Monday Headlines

Fiscal Cliff Discussions Slow As Lobbying Speeds Up
The Obama administration is aggressively encouraging its supporters to lobby congressional members on behalf of its plan to increase tax rates on the top earners. The tactic is reflective of the new strategy being employed by Obama, who is trying to seize on his victory in November to push a harder stance in negotiations.

The issue of adjusting tax rates, as opposed to increasing revenue through elimination of tax loopholes, is at the center of the fiscal cliff discussions.

Small Businesses Hold Negative View Post-Election
Small businesses are often seen as the engine of the American economy due to their role in job creation. But many owners are looking toward 2013 with a pessimistic attitude, according to a Gallup poll. In fact, the poll finds that small business owners are the most pessimistic they have been since 2010.

Owners’ expectations for their financial situation, cash flow, capital spending, and hiring over the next 12 months all worsened significantly in November.

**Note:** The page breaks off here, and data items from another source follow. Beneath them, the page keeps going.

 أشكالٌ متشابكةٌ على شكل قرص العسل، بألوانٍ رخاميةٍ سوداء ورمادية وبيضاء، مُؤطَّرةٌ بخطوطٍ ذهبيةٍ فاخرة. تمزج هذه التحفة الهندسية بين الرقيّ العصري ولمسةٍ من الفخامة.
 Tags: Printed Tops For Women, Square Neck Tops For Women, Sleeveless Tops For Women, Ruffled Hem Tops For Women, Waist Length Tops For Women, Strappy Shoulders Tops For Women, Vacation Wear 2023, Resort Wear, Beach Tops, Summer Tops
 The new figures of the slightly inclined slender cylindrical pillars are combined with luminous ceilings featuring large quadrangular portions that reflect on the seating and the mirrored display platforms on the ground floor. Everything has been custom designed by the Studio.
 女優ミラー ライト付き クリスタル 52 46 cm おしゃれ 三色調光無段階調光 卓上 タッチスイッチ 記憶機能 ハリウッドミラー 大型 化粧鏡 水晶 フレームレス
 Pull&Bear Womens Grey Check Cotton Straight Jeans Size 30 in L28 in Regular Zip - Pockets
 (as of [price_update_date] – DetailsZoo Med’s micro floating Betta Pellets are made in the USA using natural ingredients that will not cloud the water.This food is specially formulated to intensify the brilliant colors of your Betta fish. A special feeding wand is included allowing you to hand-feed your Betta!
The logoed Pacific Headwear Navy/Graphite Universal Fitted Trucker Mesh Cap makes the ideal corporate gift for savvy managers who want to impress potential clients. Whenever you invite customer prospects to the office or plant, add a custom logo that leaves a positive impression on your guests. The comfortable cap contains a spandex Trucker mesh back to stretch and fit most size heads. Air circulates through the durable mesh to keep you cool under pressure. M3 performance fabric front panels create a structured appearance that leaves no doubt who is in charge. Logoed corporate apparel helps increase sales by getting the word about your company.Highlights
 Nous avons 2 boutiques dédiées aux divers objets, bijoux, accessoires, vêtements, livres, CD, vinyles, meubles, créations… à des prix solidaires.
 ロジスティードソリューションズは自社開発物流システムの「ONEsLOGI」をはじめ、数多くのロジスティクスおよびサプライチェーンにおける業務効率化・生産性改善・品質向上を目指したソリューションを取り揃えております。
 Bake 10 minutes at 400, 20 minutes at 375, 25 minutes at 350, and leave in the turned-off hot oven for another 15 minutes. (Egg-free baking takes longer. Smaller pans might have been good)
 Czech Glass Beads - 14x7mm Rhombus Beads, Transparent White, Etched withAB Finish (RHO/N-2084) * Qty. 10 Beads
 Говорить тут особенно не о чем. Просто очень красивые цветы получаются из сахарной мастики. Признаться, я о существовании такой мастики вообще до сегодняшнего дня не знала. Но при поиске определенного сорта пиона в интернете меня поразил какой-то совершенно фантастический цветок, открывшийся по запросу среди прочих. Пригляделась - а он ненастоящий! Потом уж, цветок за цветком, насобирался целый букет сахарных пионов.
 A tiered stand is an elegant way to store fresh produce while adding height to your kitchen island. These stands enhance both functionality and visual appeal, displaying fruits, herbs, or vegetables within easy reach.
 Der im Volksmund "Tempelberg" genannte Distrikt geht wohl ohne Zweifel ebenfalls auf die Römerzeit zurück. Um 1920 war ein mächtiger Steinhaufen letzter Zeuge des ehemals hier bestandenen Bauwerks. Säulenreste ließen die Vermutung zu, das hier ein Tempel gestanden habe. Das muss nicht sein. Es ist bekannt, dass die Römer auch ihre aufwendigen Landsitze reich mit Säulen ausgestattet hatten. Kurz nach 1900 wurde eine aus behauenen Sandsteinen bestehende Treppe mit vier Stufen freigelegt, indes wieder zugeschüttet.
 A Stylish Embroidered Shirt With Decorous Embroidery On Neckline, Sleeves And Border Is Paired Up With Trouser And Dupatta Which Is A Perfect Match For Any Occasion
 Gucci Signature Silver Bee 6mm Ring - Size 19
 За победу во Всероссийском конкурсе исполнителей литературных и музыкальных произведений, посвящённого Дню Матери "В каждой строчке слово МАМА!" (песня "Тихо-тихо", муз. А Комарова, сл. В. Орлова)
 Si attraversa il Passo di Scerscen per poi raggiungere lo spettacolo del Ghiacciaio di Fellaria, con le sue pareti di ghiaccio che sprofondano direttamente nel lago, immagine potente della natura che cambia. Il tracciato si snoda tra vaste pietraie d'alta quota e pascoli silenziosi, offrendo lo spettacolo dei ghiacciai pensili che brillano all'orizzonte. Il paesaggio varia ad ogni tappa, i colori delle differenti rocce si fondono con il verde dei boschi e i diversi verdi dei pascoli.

  • One in five small-business owners (21%) expect the number of jobs at their company to decrease over the next 12 months, the highest percentage Gallup has measured to date.
  • One in three owners (34%) expect their company’s capital spending to decrease over the next 12 months — the highest recorded since July 2010.
  • Twenty-eight percent of owners expect to be in a “poor” financial position 12 months from now — the highest Gallup has measured to date.

Did The Oracle Fail Economics 101?
Swaminathan S A Aiyar writes in Forbes, that Buffett’s plan to tax the top 2 percent would not pass the Econ 101 test, primarily because it equates to double taxation.

“Taxing transfers (like dividends) amounts to double taxation. The IRS first taxes profits earned by a corporation, and again taxes the proportion of profits distributed as dividends. Asking whether a fair tax rate for dividends is 15 percent or 30 percent misses the point that any double taxation at all is unfair. In principle, taxing dividends is no different from taxing the allowance you give to your kids, which is also a transfer,” he concludes.

A Balanced Approach Must Include Entitlement Reform
Robert Samuelson argues in The Washington Post that the Obama administration has to include reform of Social Security and Medicare if it wants to really solve the deficit and debt problem.

“Deficit reduction should include higher taxes on the richest Americans. But there are practical limits. Already, Obama’s proposals would, in combination with state taxes, raise some top marginal tax rates to about 50 percent. As taxes rise, so do risks of adverse economic effects and more tax avoidance. Spending must be addressed. Government has other responsibilities besides sheltering the elderly,” says Samuelson.